*TASK ITEM*
Return each entry word for word and skip its pictures.

*DATA SECTION*

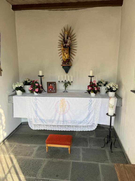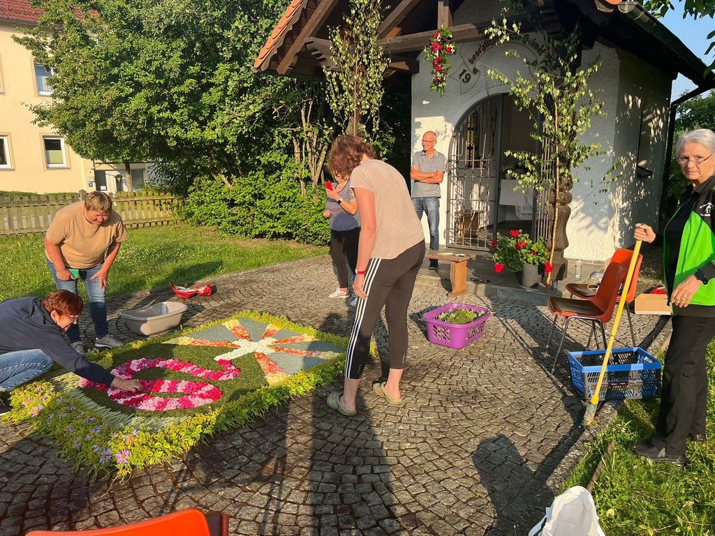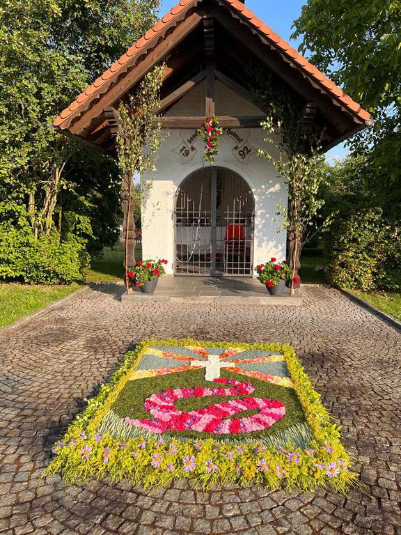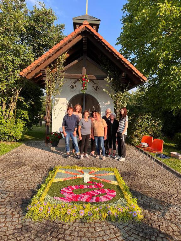 Nach dem wetterbedingten Ausfall im letzten Jahr erstrahlte der Blumenteppich zur Fronleichnams-prozession an der Kapelle in Thann in
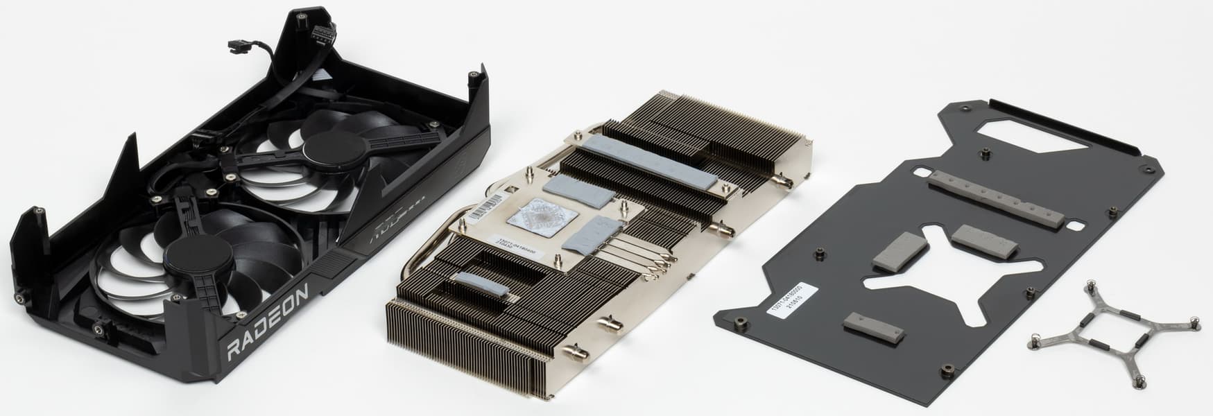 Поверх радиатора установлен кожух с двумя вентиляторами ∅95 мм типа Axial-tech, у которых концы лопастей соединены кольцом для более четкого направления потоков воздуха на радиатор.
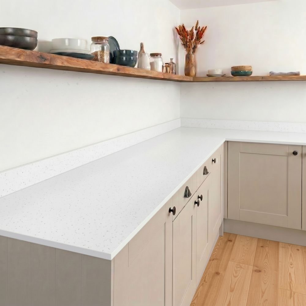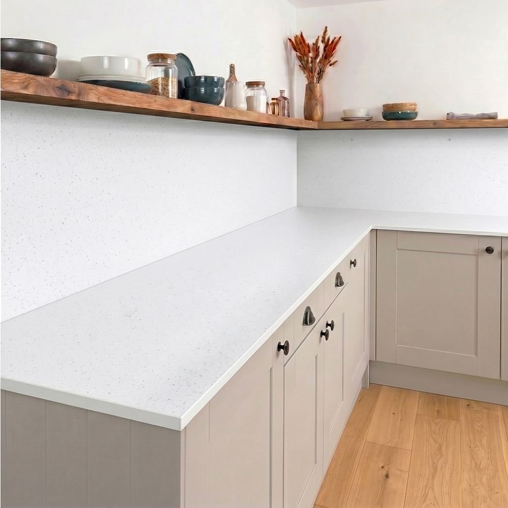 An elegant white quartz compact laminate upstand and splashback offering a clean, modern aesthetic, ideal for bringing depth and sophistication to any kitchen. With its crisp, luminous finish, the Crystal Spark is the perfect choice for homeowners seeking a timeless yet contemporary look.
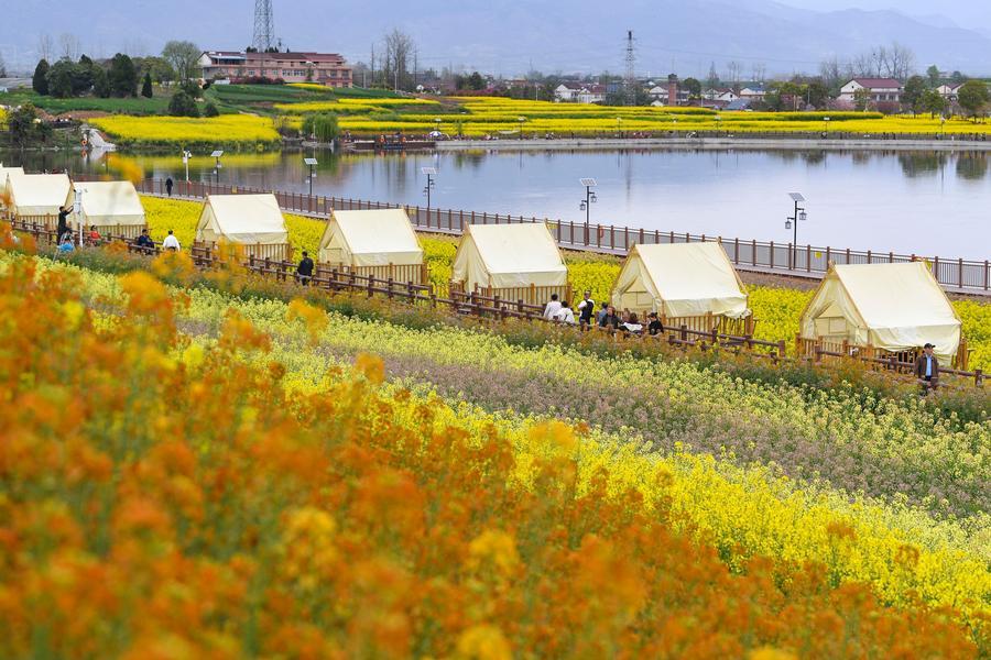 漢中市漢台区の黄塘水郷風景区を散策する観光客。(漢中=新華社記者/鄒競一)
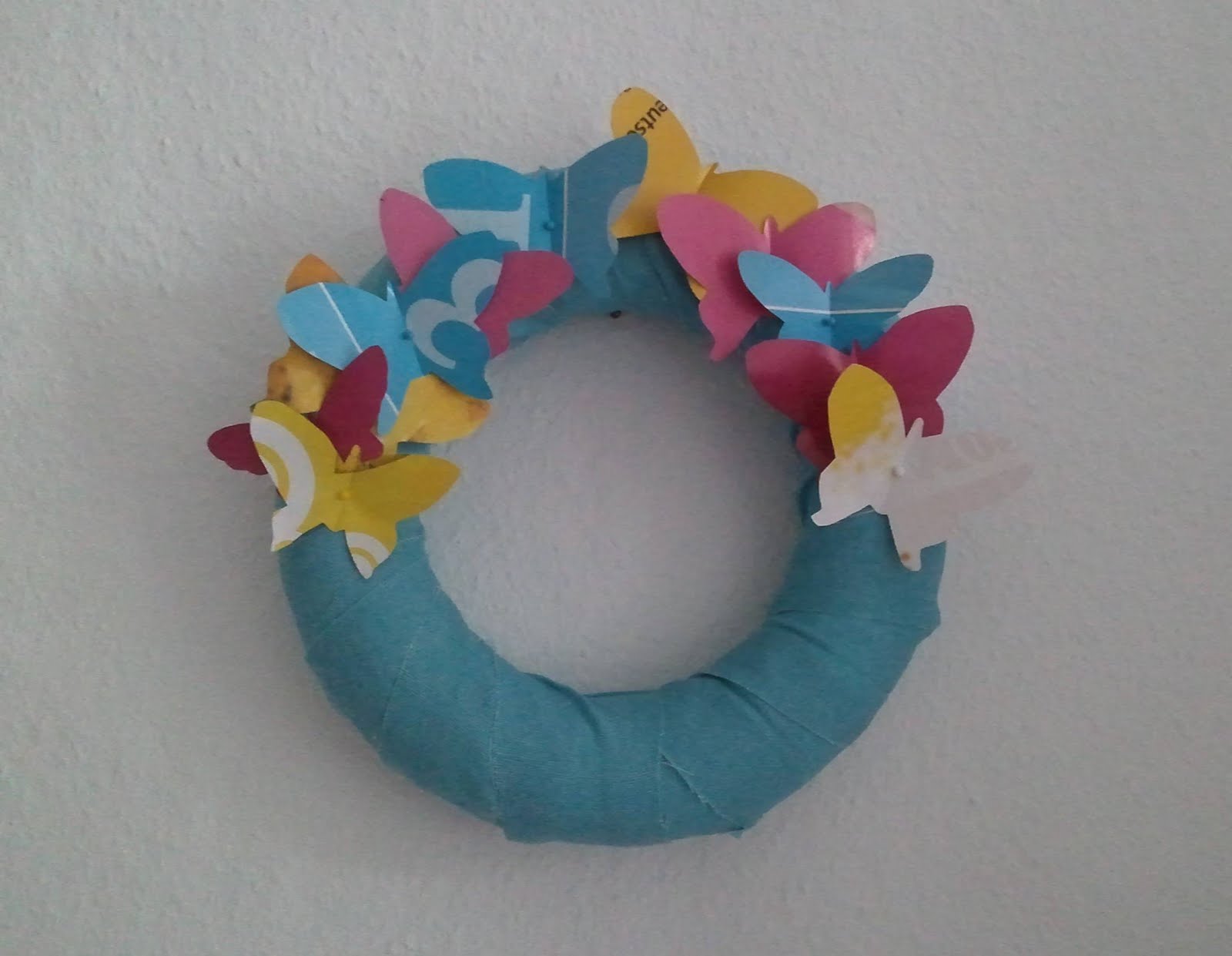 Hi! :) Did you enjoy your weekend? Inspired by Claire’s butterfly wreath she made some time ago, I made one myself and I really love the colors. :) I didn’t use butterflies from the handicraft store, instead, I cut them out of a newspaper and used bright, summery colors. :)

*RESULT OF THE TASK*
 Nach dem wetterbedingten Ausfall im letzten Jahr erstrahlte der Blumenteppich zur Fronleichnams-prozession an der Kapelle in Thann in
 Поверх радиатора установлен кожух с двумя вентиляторами ∅95 мм типа Axial-tech, у которых концы лопастей соединены кольцом для более четкого направления потоков воздуха на радиатор.
 An elegant white quartz compact laminate upstand and splashback offering a clean, modern aesthetic, ideal for bringing depth and sophistication to any kitchen. With its crisp, luminous finish, the Crystal Spark is the perfect choice for homeowners seeking a timeless yet contemporary look.
 漢中市漢台区の黄塘水郷風景区を散策する観光客。(漢中=新華社記者/鄒競一)
 Hi! :) Did you enjoy your weekend? Inspired by Claire’s butterfly wreath she made some time ago, I made one myself and I really love the colors. :) I didn’t use butterflies from the handicraft store, instead, I cut them out of a newspaper and used bright, summery colors. :)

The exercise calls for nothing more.